What you have to do → Repeat the lines of the data exactly and exclude any picture among them.

*** Listed records ***

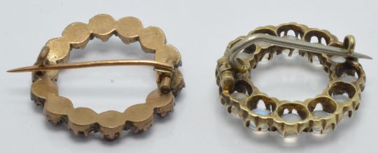 Two Victorian brooches, one set with moonstone cabochons the other Bohemian cut garnets
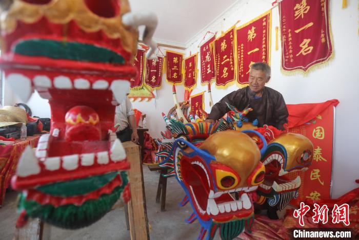 一位同行正在给小龙头上色。(图片来源:央广网)
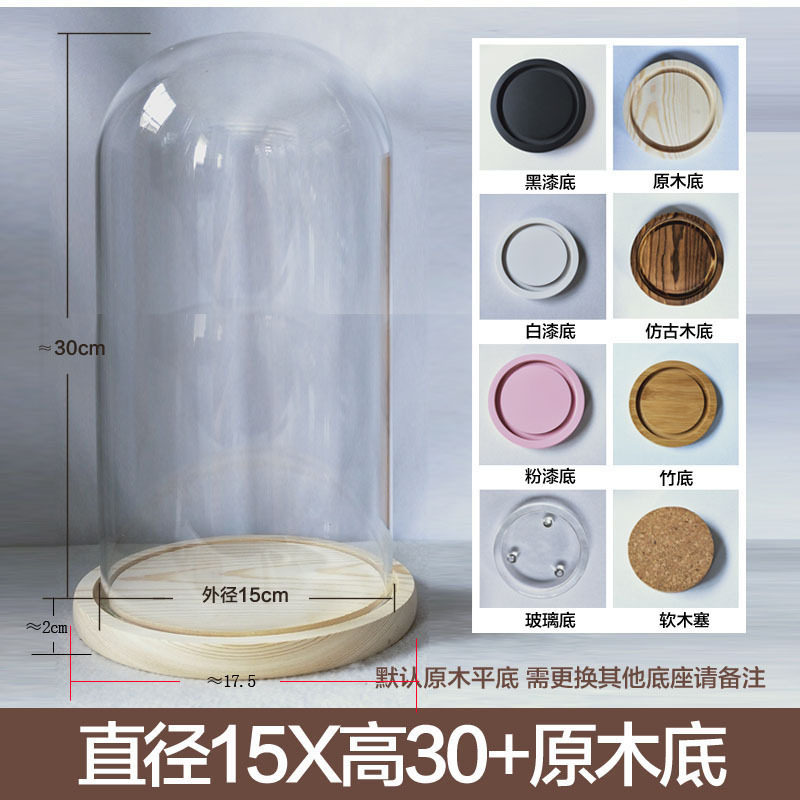 侧面开关原木EVA卡扣防脱落玻璃罩永生花玻璃钟罩盲盒手作展示罩
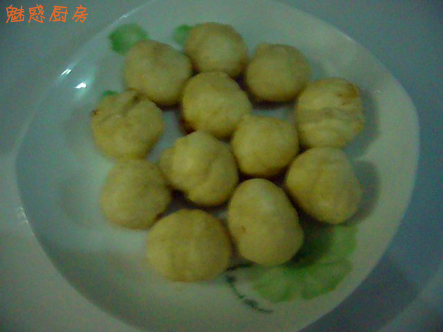 3、待汤圆滚炸制发黄即可成盘取出食用。
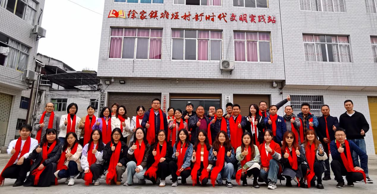 (PA视讯党员师生在杨国胜所驻徐家镇塘垭村新时代文明实践站前合影)
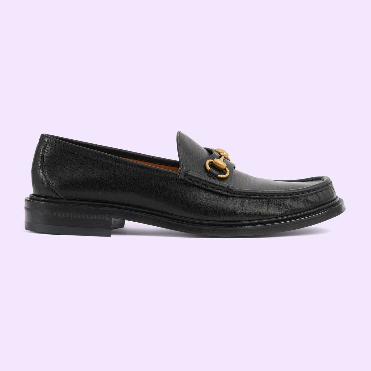 Modern interpretations of archival symbols both pay tribute to Gucci's heritage while looking towards the future. This pair of black leather loafers reimagines the emblematic Horsebit loafer with a low heel and square toe. The gold-toned detail is a direct link to the House's beginnings in the world of sports and leisure. - Black leather - Men's - Gold-toned hardware - Horsebit - Leather sole - Low heel - 1" heel height with .4" platform, based on a size 43 (IT) - Made in Italy
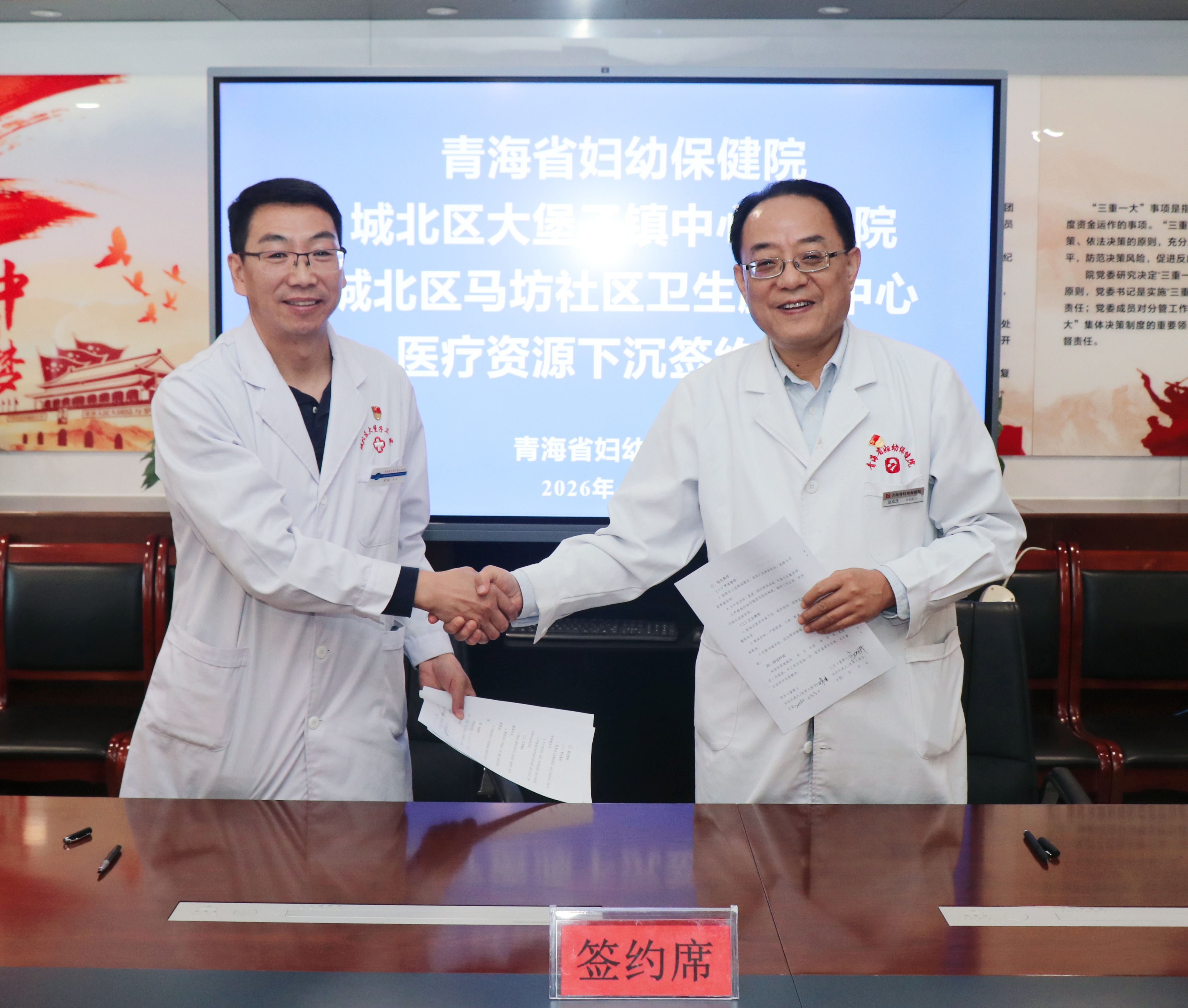 4月23日,青海省妇幼保健院与西宁市城北区大堡子镇中心卫生院、马坊社区卫生服务中心举行医疗资源下沉合作签约仪式,旨在推动优质妇幼医疗资源下沉基层,提升城北区基层医疗卫生机构妇幼健康服务能力,切实满足辖区群众就近享受优质妇幼医疗保健服务需求。
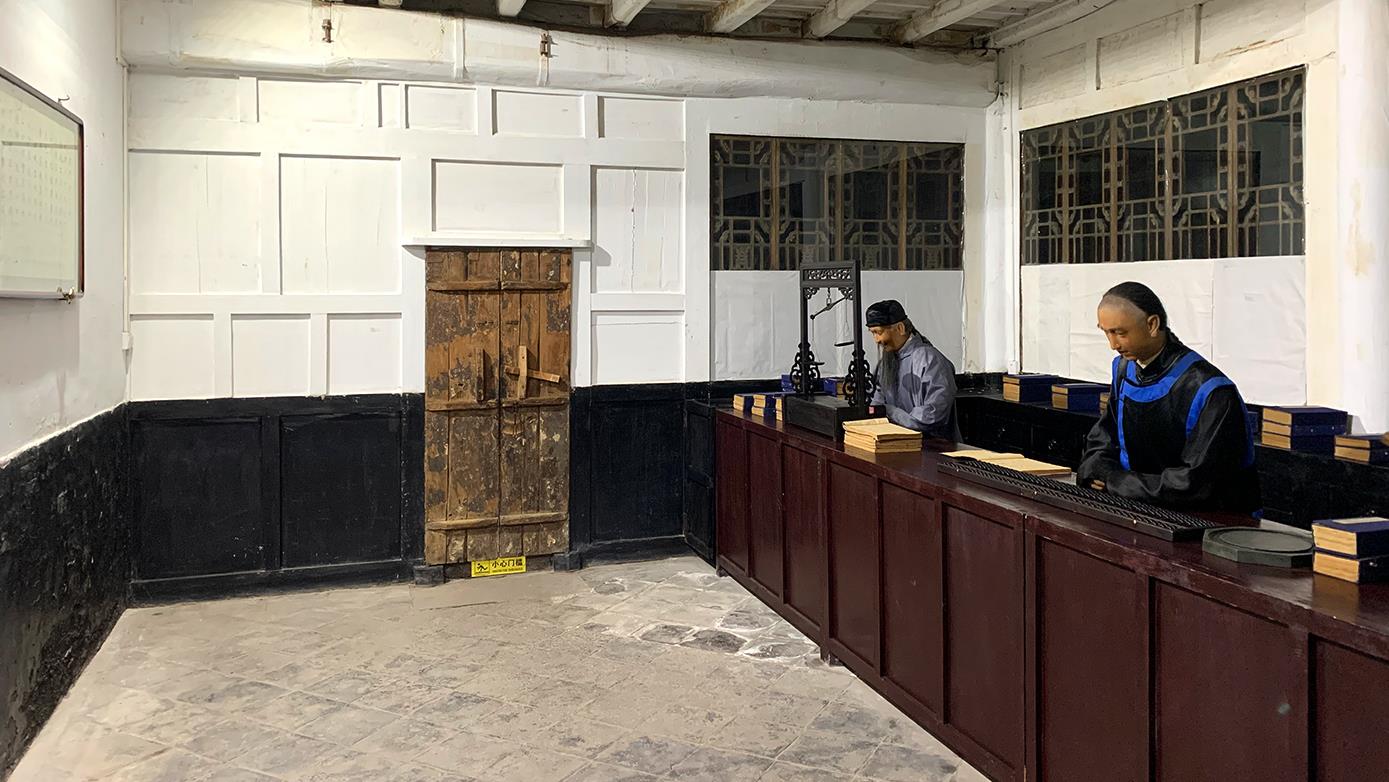 △日昇昌記內(nèi),還原了票號當(dāng)年對外營業(yè)的柜房環(huán)境。(總臺(tái)央視記者 段德文拍攝)
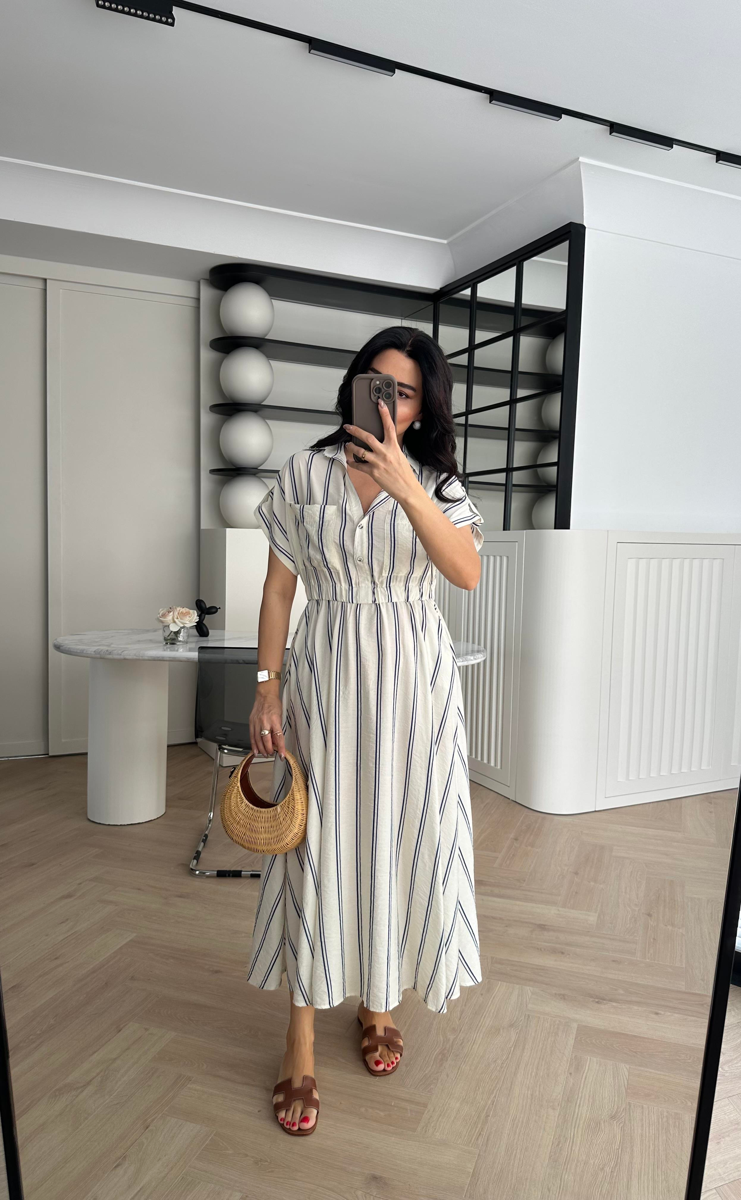 Ekru Çizgili Beli Lastikli Tensel Elbise
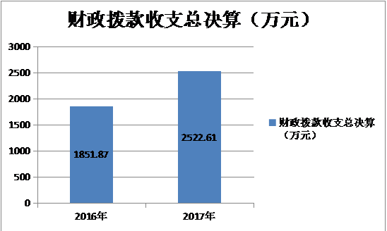 乐山市市中区市场和质量监督管理局2017年度财政拨款收支总决算2522.61万元。与2016年(1851.87万元)相比,财政拨款收、支总计各增加670.74万元,增长26.59%。增加原因主要是市区体制调整后市局下划人员和事权,人员经费和日常公用经费增加。(柱状图3)
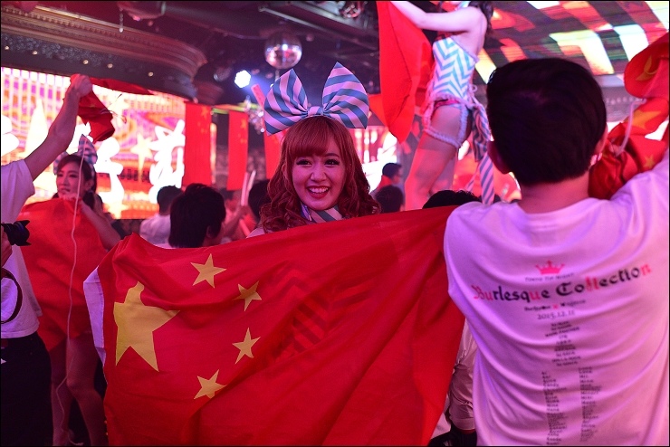 整個大半場都是很熱鬧的歌舞秀,最後段的打賞時間就比較清涼一點,正妹舞者會穿著比基尼出場,搖著各國國旗拉近和觀光客的距離。

*** End of Listed records ***

Answer section →
 Two Victorian brooches, one set with moonstone cabochons the other Bohemian cut garnets
 一位同行正在给小龙头上色。(图片来源:央广网)
 侧面开关原木EVA卡扣防脱落玻璃罩永生花玻璃钟罩盲盒手作展示罩
 3、待汤圆滚炸制发黄即可成盘取出食用。
 (PA视讯党员师生在杨国胜所驻徐家镇塘垭村新时代文明实践站前合影)
 Modern interpretations of archival symbols both pay tribute to Gucci's heritage while looking towards the future. This pair of black leather loafers reimagines the emblematic Horsebit loafer with a low heel and square toe. The gold-toned detail is a direct link to the House's beginnings in the world of sports and leisure. - Black leather - Men's - Gold-toned hardware - Horsebit - Leather sole - Low heel - 1" heel height with .4" platform, based on a size 43 (IT) - Made in Italy
 4月23日,青海省妇幼保健院与西宁市城北区大堡子镇中心卫生院、马坊社区卫生服务中心举行医疗资源下沉合作签约仪式,旨在推动优质妇幼医疗资源下沉基层,提升城北区基层医疗卫生机构妇幼健康服务能力,切实满足辖区群众就近享受优质妇幼医疗保健服务需求。
 △日昇昌記內(nèi),還原了票號當(dāng)年對外營業(yè)的柜房環(huán)境。(總臺(tái)央視記者 段德文拍攝)
 Ekru Çizgili Beli Lastikli Tensel Elbise
 乐山市市中区市场和质量监督管理局2017年度财政拨款收支总决算2522.61万元。与2016年(1851.87万元)相比,财政拨款收、支总计各增加670.74万元,增长26.59%。增加原因主要是市区体制调整后市局下划人员和事权,人员经费和日常公用经费增加。(柱状图3)
 整個大半場都是很熱鬧的歌舞秀,最後段的打賞時間就比較清涼一點,正妹舞者會穿著比基尼出場,搖著各國國旗拉近和觀光客的距離。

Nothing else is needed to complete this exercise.